• **Task statement**:
The part below that opens with the line containing "Кружка с двойными" and closes with the line containing "A bored pig-like" should be copied exactly, minus any pictures.

• **Data listing**:

--------------------------------

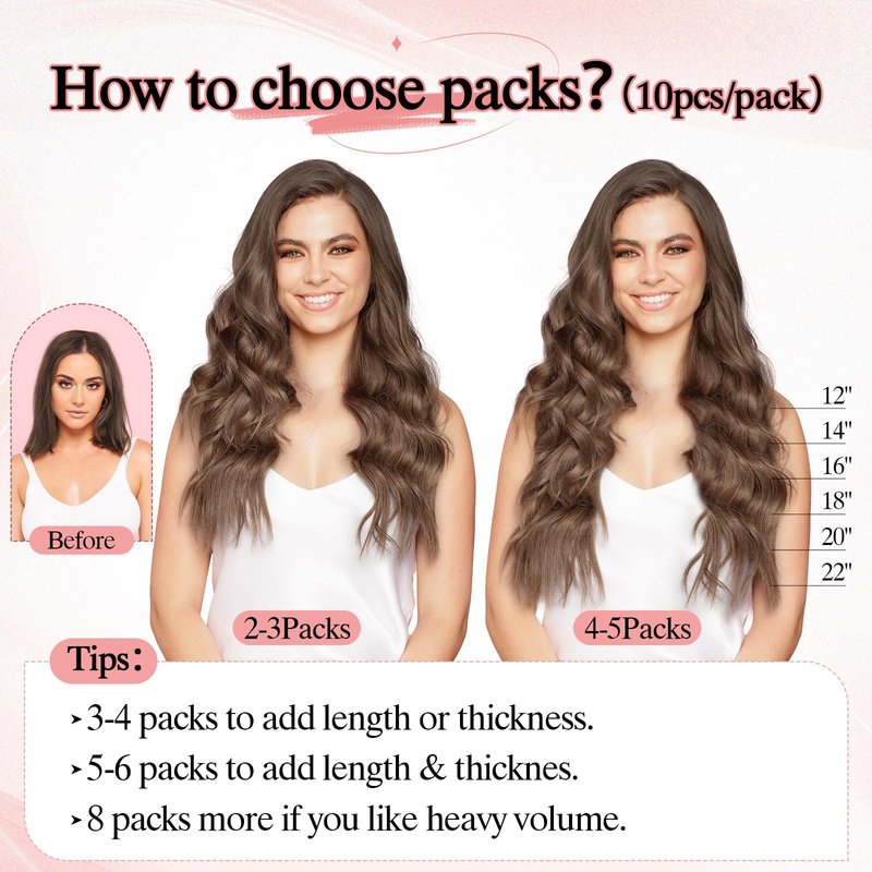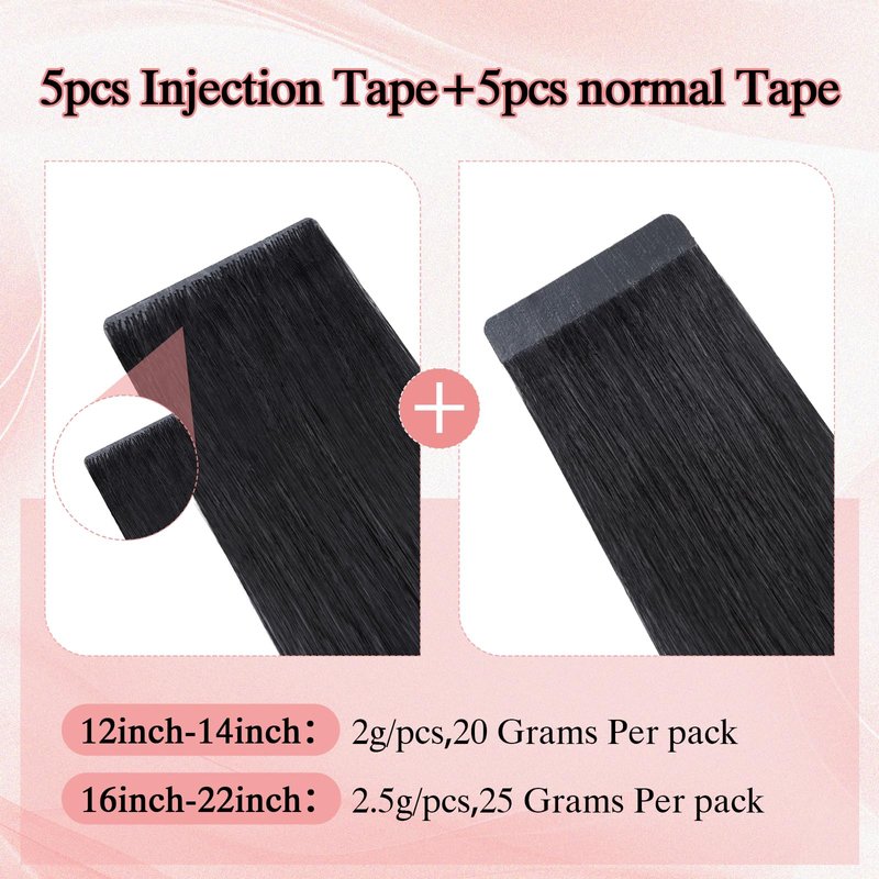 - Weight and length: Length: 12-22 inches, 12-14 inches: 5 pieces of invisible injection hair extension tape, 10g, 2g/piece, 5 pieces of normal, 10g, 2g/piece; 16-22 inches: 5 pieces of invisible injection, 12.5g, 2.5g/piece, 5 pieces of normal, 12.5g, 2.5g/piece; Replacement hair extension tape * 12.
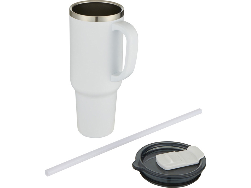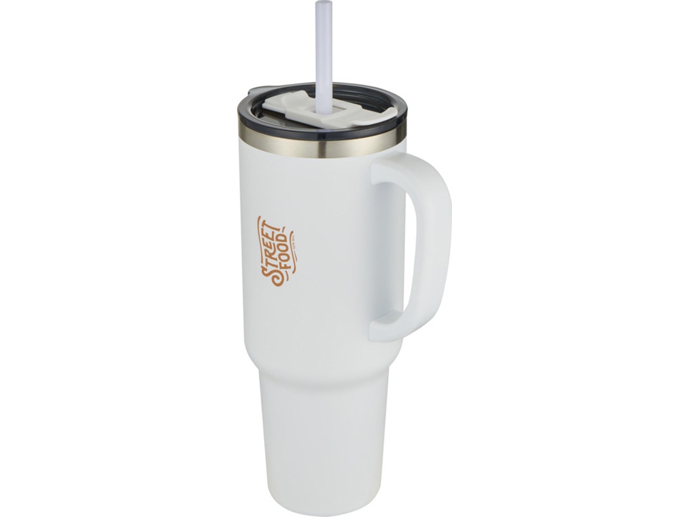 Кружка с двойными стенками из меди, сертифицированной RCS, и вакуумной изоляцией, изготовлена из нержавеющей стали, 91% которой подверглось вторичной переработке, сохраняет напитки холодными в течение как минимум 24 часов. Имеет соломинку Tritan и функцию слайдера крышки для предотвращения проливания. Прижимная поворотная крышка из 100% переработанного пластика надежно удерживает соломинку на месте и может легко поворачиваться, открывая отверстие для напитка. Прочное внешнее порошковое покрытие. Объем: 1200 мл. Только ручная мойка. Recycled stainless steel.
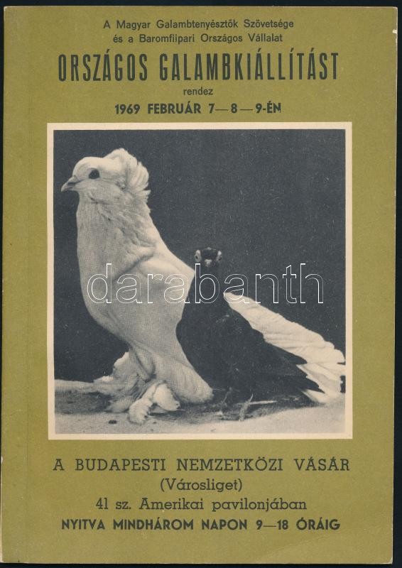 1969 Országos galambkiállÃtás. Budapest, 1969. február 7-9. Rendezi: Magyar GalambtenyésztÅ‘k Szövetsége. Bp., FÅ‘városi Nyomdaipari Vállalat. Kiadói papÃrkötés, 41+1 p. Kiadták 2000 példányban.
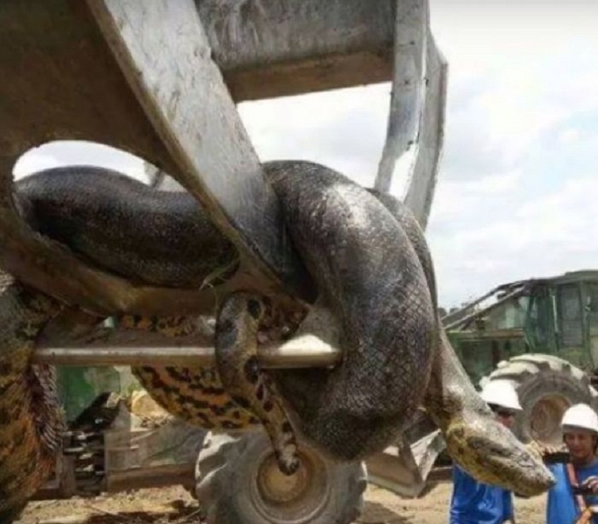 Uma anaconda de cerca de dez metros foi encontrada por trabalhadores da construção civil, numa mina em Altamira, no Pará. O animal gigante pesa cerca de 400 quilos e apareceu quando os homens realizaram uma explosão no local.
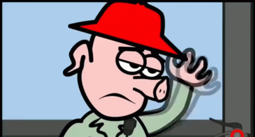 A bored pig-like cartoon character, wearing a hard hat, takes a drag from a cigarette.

--------------------------------

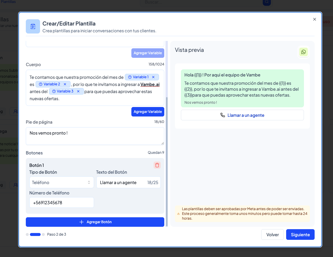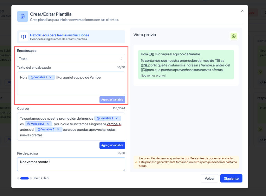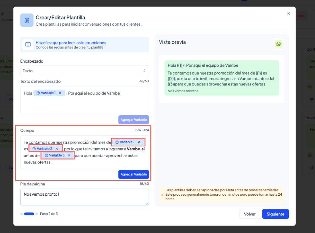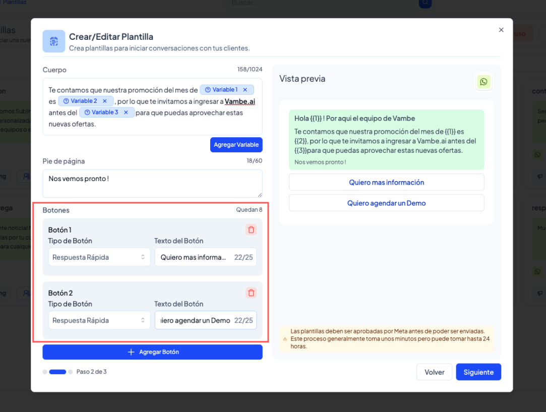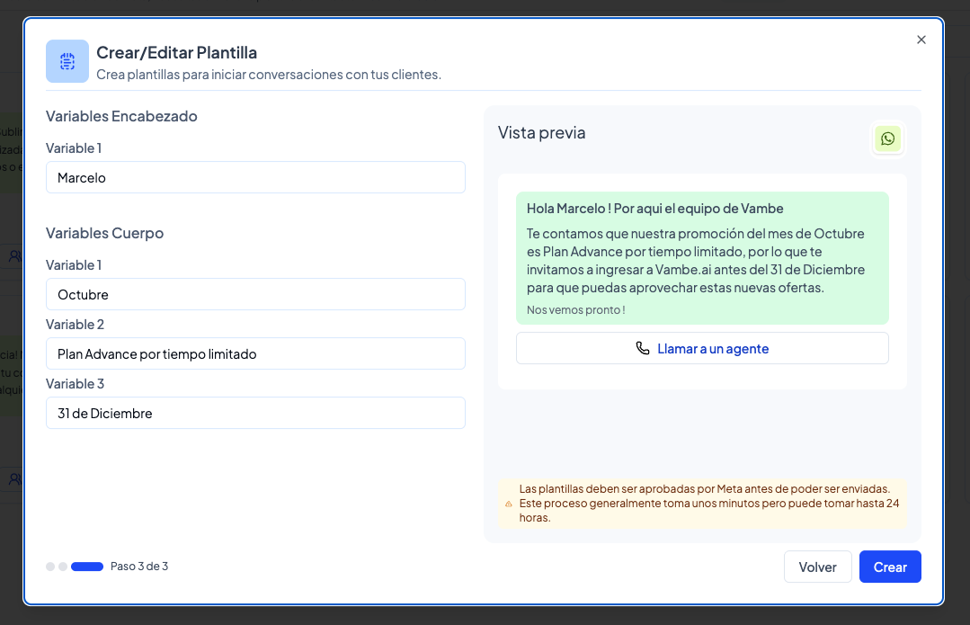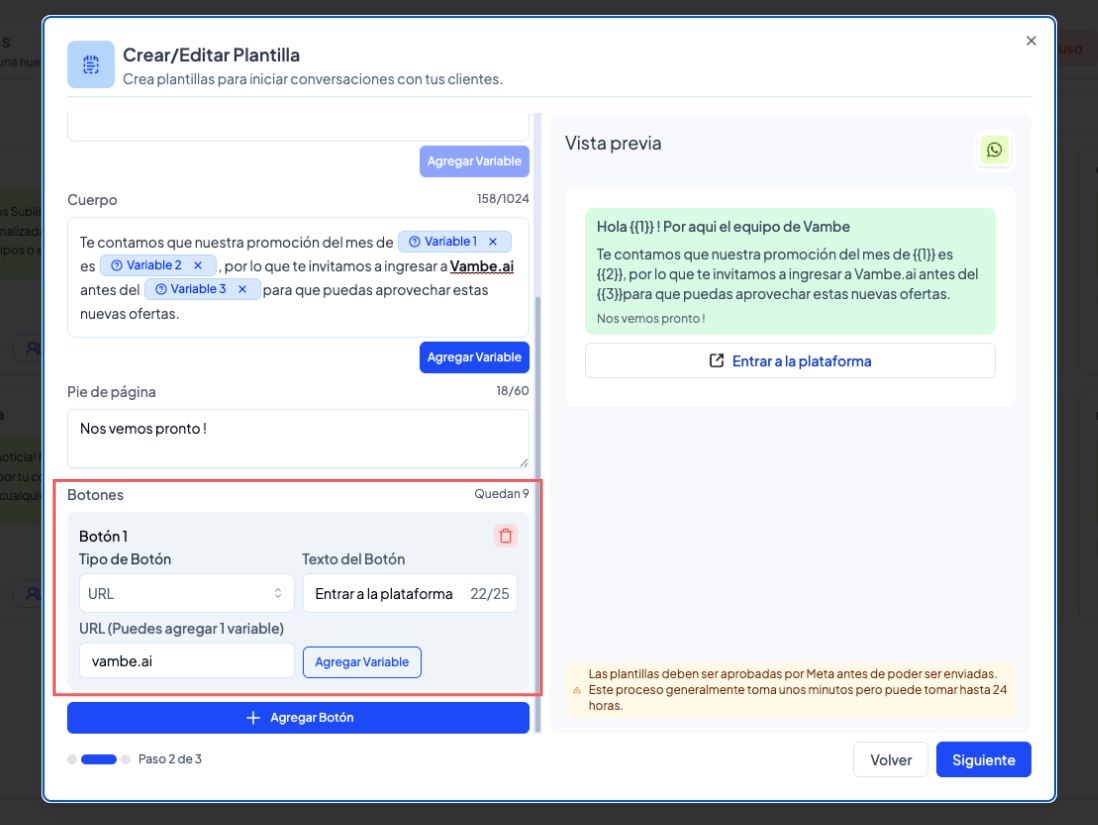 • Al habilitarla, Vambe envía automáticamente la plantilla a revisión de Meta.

--------------------------------

• **Response below**:
 Кружка с двойными стенками из меди, сертифицированной RCS, и вакуумной изоляцией, изготовлена из нержавеющей стали, 91% которой подверглось вторичной переработке, сохраняет напитки холодными в течение как минимум 24 часов. Имеет соломинку Tritan и функцию слайдера крышки для предотвращения проливания. Прижимная поворотная крышка из 100% переработанного пластика надежно удерживает соломинку на месте и может легко поворачиваться, открывая отверстие для напитка. Прочное внешнее порошковое покрытие. Объем: 1200 мл. Только ручная мойка. Recycled stainless steel.
 1969 Országos galambkiállÃtás. Budapest, 1969. február 7-9. Rendezi: Magyar GalambtenyésztÅ‘k Szövetsége. Bp., FÅ‘városi Nyomdaipari Vállalat. Kiadói papÃrkötés, 41+1 p. Kiadták 2000 példányban.
 Uma anaconda de cerca de dez metros foi encontrada por trabalhadores da construção civil, numa mina em Altamira, no Pará. O animal gigante pesa cerca de 400 quilos e apareceu quando os homens realizaram uma explosão no local.
 A bored pig-like cartoon character, wearing a hard hat, takes a drag from a cigarette.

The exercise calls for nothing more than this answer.